The Bavarian Office for the Protection of the Constitution was established by law on November 22, 1950 with retroactive effect from November 1, 1950. On 20 February 1950, the Office of the US High Commissioner for Germany, Office of the State Commissioner for Bavaria, had authorized the Bavarian state government in writing to establish a "small office for the purpose of securing intelligence on subversive activities." According to the Federal Protection of the Constitution Act, which came into force on September 29, 1950, all states had to designate an agency to deal with matters relating to the protection of the constitution.

According to a study commissioned by the Bavarian Green Party state parliamentary group, the state office took on numerous people with intelligence service experience from the ranks of the Gestapo when it was founded. Examples include SS-Hauptsturmführer Leonhard Halmanseger, who had worked in the Reich Security Main Office to combat political opponents of the Nazis, and SS-Sturmbannführer Joseph Schreieder, who had been responsible for combating the Dutch resistance at the Gestapo before 1945 and who came to the State Office via the BND's predecessor, the Gehlen Organization. In 1951, the US occupying power rejected four of six proposed new officials for the Office for the Protection of the Constitution, citing their past. Among those rejected was Halmanseger, for whom the then Bavarian Interior Minister Wilhelm Hoegner (SPD) found a pragmatic solution: he officially became an officer of the Bavarian Border Police, but in fact worked for the Office for the Protection of the Constitution. Other members of the Bavarian Office for the Protection of the Constitution also initially became official employees of the border police. As a result of the Cold War, the reservations of the US services against the experienced anti-communists diminished, so that people like Halmanseger now officially became constitution protection officers. By 1965, the "small office" authorized by the Allies had grown from an original staff of 26 to 173 employees.

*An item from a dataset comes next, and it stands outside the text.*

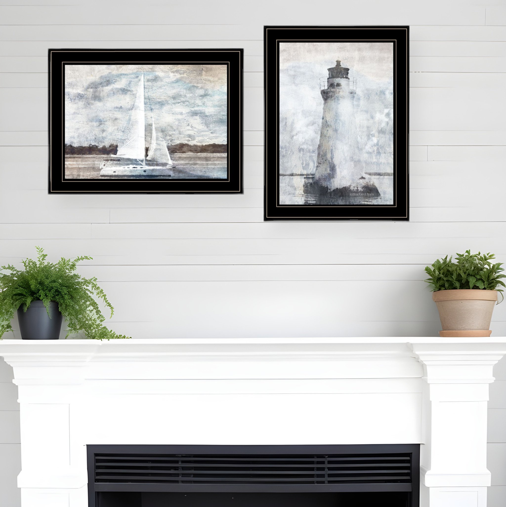 Set Of Two Lighthouse Sailboat 2 Black Framed Print Wall Art

At the end of the 1980s, the Bavarian Office for the Protection of the Constitution and the Upper Bavaria Police Headquarters moved into an office building built for the two authorities in Knorrstraße in Munich's Am Hart district.

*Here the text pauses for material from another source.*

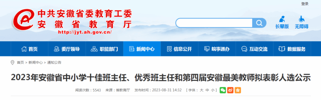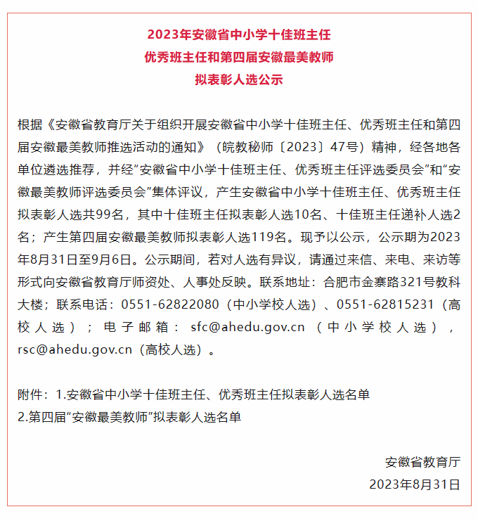 据悉,本次安徽省中小学十佳班主任、优秀班主任和第四届安徽最美教师共有218位老师入选,他们将充分发挥教师队伍先进典型的示范引领作用,积极营造全社会尊师重教的良好氛围,激励广大教师争做有理想信念、有道德情操、有扎实学识、有仁爱之心的新时代“四有”好老师。(发展规划处(员工办))

From 1991 onwards, the Bavarian State Office played a key role in setting up the State Office for the Protection of the Constitution in Saxony.

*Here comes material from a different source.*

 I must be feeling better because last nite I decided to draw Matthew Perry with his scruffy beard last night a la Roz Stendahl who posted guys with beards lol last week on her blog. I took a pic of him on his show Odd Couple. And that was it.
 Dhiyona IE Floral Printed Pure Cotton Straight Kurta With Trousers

Since October 2004, the Bavarian Office for the Protection of the Constitution has been working together with the State Office of Criminal Investigation as part of the BIRGiT (Beschleunigte Identifizierung und Rückführung von Gefährdern aus dem Bereich des islamistischen Terrorismus/Extremismus, accelerated identification and repatriation of people at risk from Islamist terrorism/extremism) working group.